Urban Dynamics: Benefits and Uses
Why Are We Doing This Work ?
The rapid growth of urban and suburban areas has many environmental
impacts and is a major issue in today's world. By better understanding the
growth that has already occurred and the resultant impacts, we can better
predict future growth and impacts. This results in better planning.
Work will provide a greater understanding of urban land use change.
- Provides insight into the interactions between the physiographic
and socio-economic variables which contribute to urban growth.
- Provides a better understanding of the issues involved in temporal
land cover characterization for urban areas.
- Applied within the objective scientific
framework of the USGS, yields credible and comprehensive insights
into the character and impacts of land use change that can contribute
to economic growth balanced with environmental protection.
- Provides urban planners, policy and decision makers, earth
scientists, and global change researchers with the information necessary to
measure trends in urban sprawl, analyze patterns of water pollution and
sedimentation, examine the impacts of development on ecosystems, and
develop predictive modeling techniques to better forecast future areas
of urban growth.
- Provides the data necessary for understanding the linkages between
land use change and the nutrient loads and sedimentation rates measured in
dated sediment cores.
Work will provide other long-term benefits.

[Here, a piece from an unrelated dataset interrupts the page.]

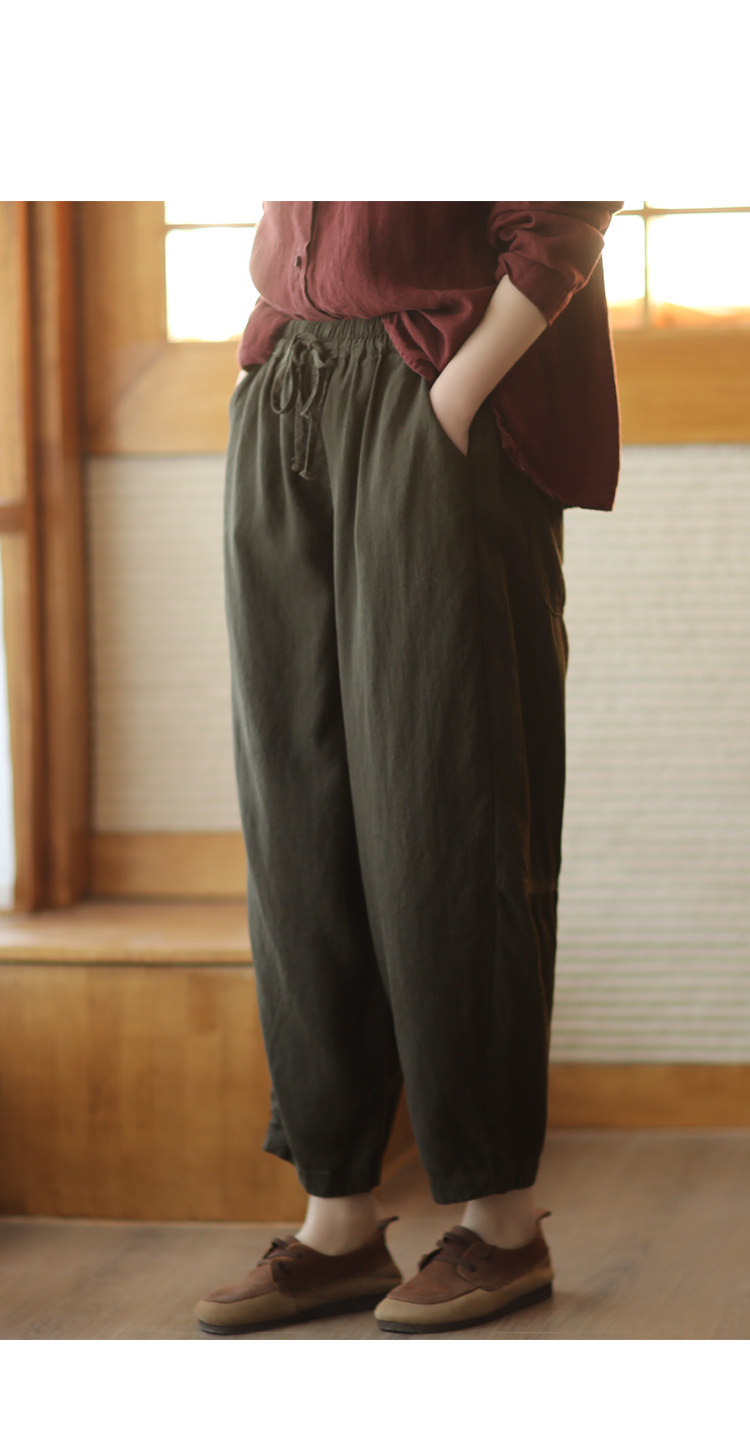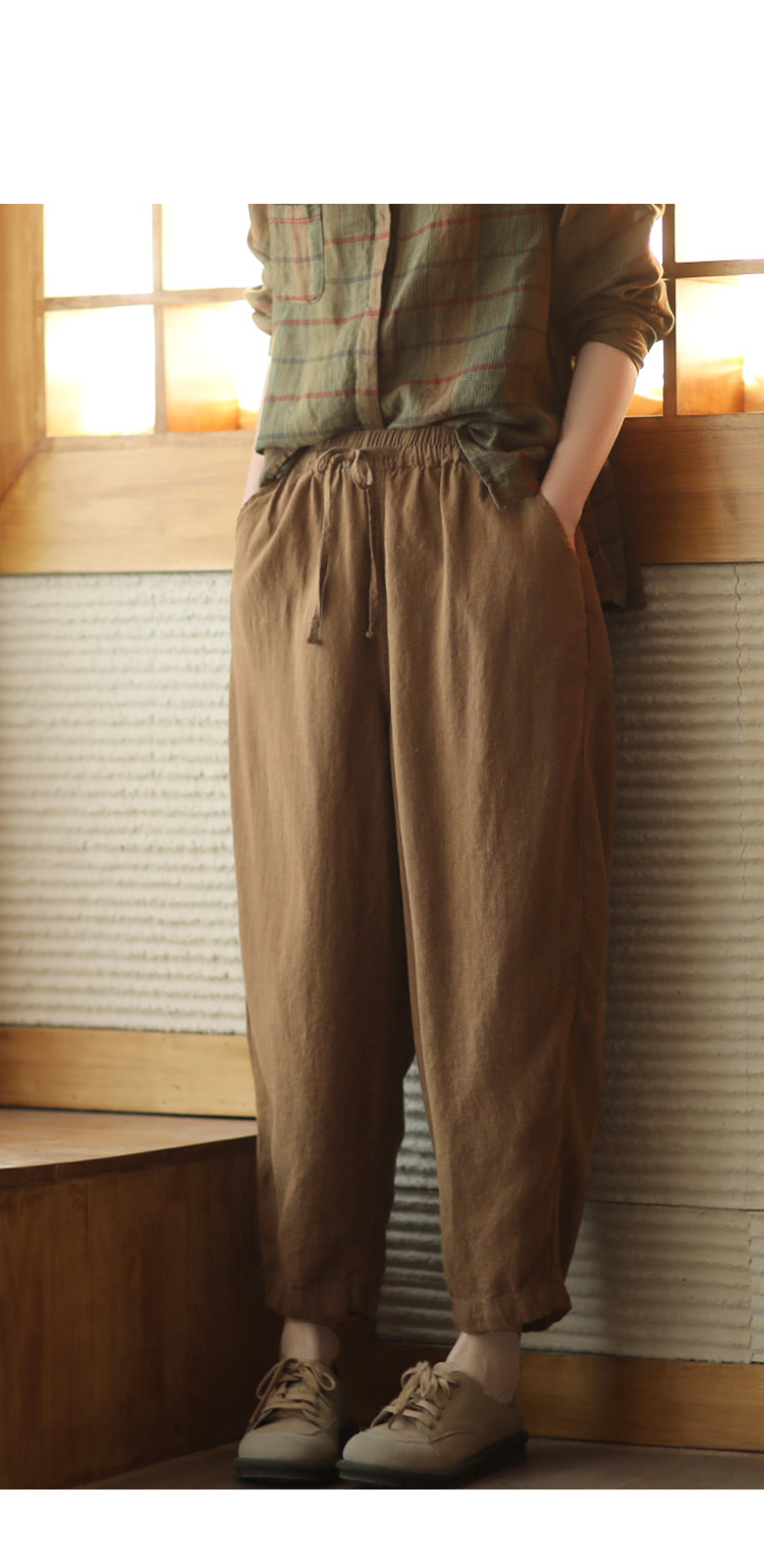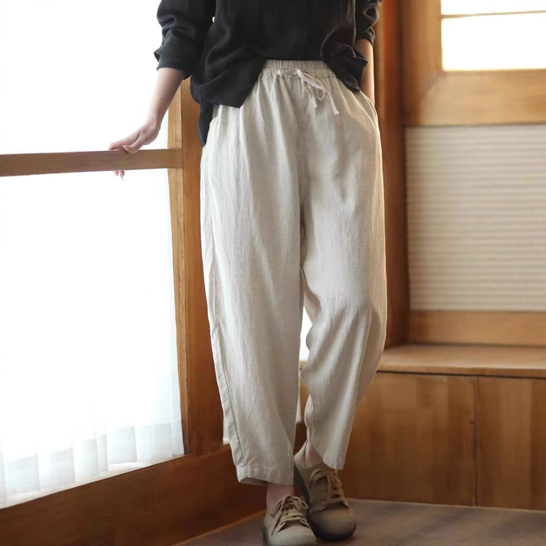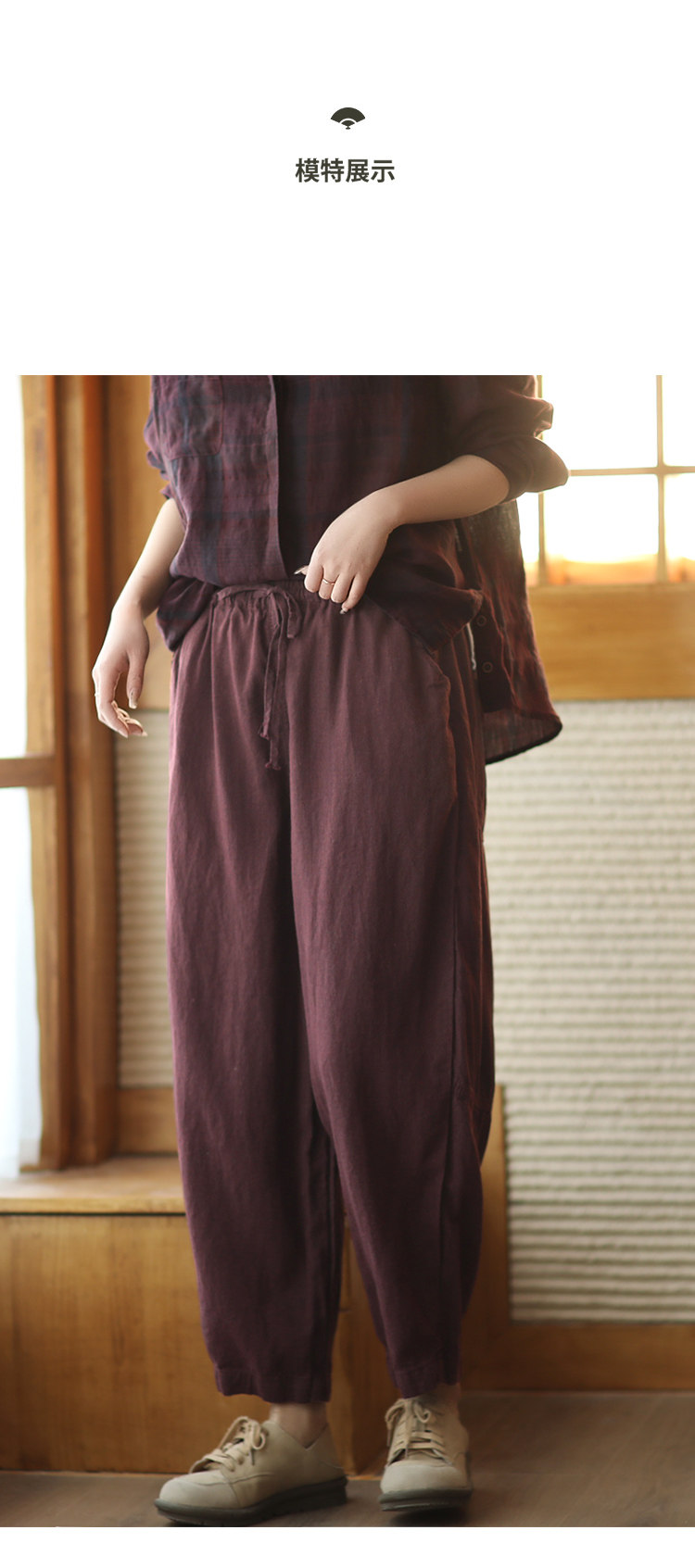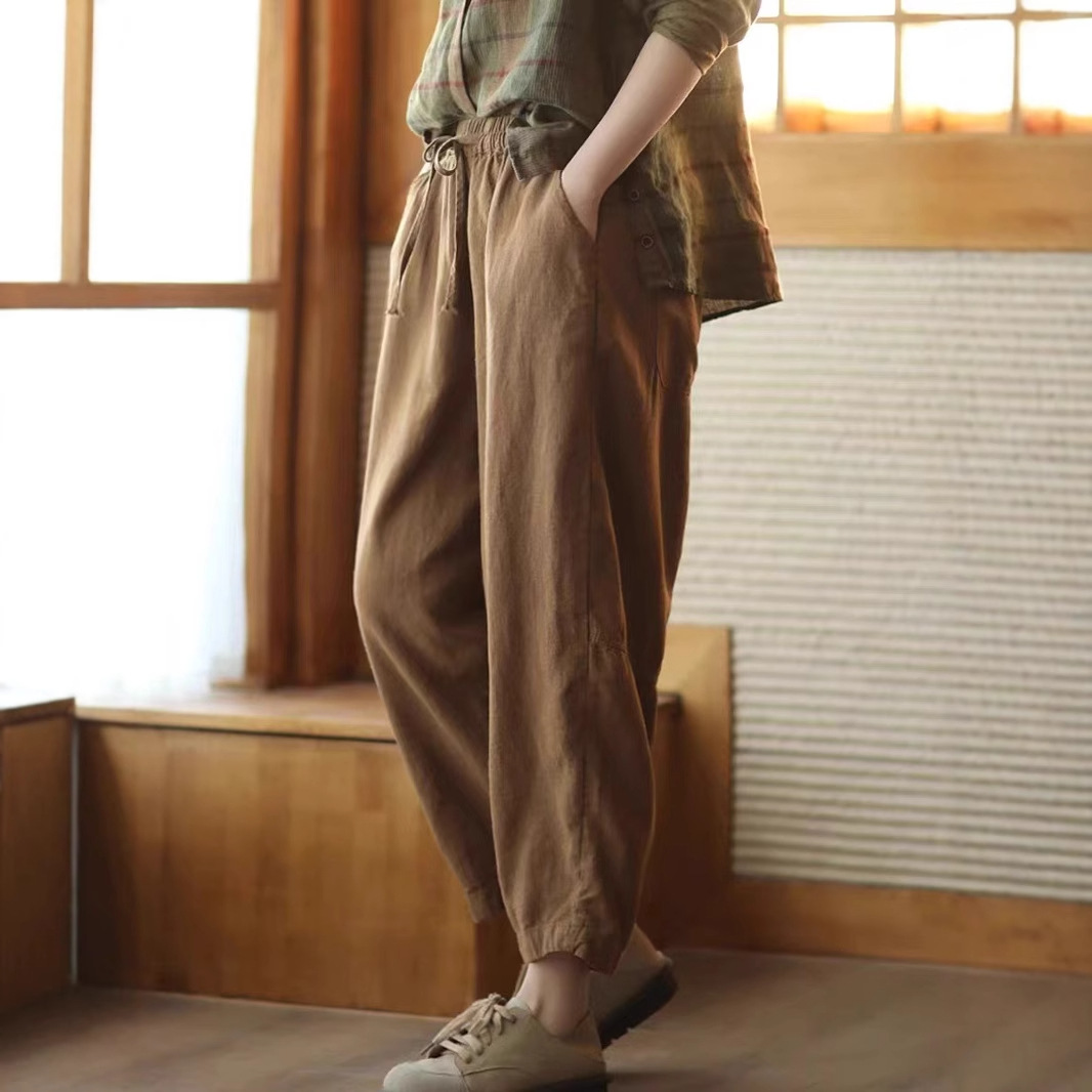 봄 2025 중공업 모래 세척 리넨 할란 바지 여성 레이스 업 느슨한 허리 슬리밍 캐주얼 바지 예술적 느슨한 린넨 바지스토어 가기

- Establishes program that provides a spatial inventory and a
geographic assessment of the land use changes occurring in the nation's
largest metropolitan regions.
- Establishes a methodology, based on advanced spatial analysis
techniques, to accurately document and evaluate the land use changes
resulting from the dynamics of urban and rural growth patterns.
- Establishes more innovative partnerships and contracts with the
private sector.
- Capitalizes on the USGS investment in the national
topographic map and remote sensing data archives.
- Increases public awareness of USGS products, especially historical
archives, and promote the use of USGS spatial data with current GIS tools.
- Brings public and private groups together to start developing these
integrated temporal datasets that are required to monitor, analyze and
predict urban growth patterns and landscape change.